### [EXERCISE]
Given the material below, output exactly the lines from the line with "ANQUAN/安全 耐油丁腈橡胶手套 SY001 均码 黑色 400±15mm 1副" to the line with "Demi Pierre spred", both ends included, and no other lines.

### [EXTRACTED INFORMATION]
━━━━━━━━━━━━━━━━━━━━

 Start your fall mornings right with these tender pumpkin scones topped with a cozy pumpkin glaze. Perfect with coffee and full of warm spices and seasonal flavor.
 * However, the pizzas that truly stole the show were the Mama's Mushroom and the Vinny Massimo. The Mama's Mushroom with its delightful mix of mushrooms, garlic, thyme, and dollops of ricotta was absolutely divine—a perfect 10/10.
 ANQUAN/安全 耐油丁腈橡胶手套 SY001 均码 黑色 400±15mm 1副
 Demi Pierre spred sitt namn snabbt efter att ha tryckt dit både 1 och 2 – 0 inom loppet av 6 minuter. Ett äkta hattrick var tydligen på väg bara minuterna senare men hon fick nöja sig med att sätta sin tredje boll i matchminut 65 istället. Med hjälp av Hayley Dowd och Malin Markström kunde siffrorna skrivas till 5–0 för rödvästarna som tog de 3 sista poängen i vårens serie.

━━━━━━━━━━━━━━━━━━━━

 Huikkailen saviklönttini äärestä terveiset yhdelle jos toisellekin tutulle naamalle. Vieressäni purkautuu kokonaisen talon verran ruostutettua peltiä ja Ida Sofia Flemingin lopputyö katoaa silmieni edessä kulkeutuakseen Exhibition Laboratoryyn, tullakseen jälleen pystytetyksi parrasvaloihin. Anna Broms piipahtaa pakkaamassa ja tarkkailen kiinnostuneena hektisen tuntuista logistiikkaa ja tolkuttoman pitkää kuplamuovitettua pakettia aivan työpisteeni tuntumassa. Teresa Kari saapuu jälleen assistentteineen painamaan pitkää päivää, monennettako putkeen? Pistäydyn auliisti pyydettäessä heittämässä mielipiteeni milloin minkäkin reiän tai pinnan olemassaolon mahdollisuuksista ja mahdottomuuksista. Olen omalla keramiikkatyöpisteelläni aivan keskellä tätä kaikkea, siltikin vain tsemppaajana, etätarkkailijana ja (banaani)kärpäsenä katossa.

━━━━━━━━━━━━━━━━━━━━

### [RESULT FOR THIS EXERCISE]
 ANQUAN/安全 耐油丁腈橡胶手套 SY001 均码 黑色 400±15mm 1副
 Demi Pierre spred sitt namn snabbt efter att ha tryckt dit både 1 och 2 – 0 inom loppet av 6 minuter. Ett äkta hattrick var tydligen på väg bara minuterna senare men hon fick nöja sig med att sätta sin tredje boll i matchminut 65 istället. Med hjälp av Hayley Dowd och Malin Markström kunde siffrorna skrivas till 5–0 för rödvästarna som tog de 3 sista poängen i vårens serie.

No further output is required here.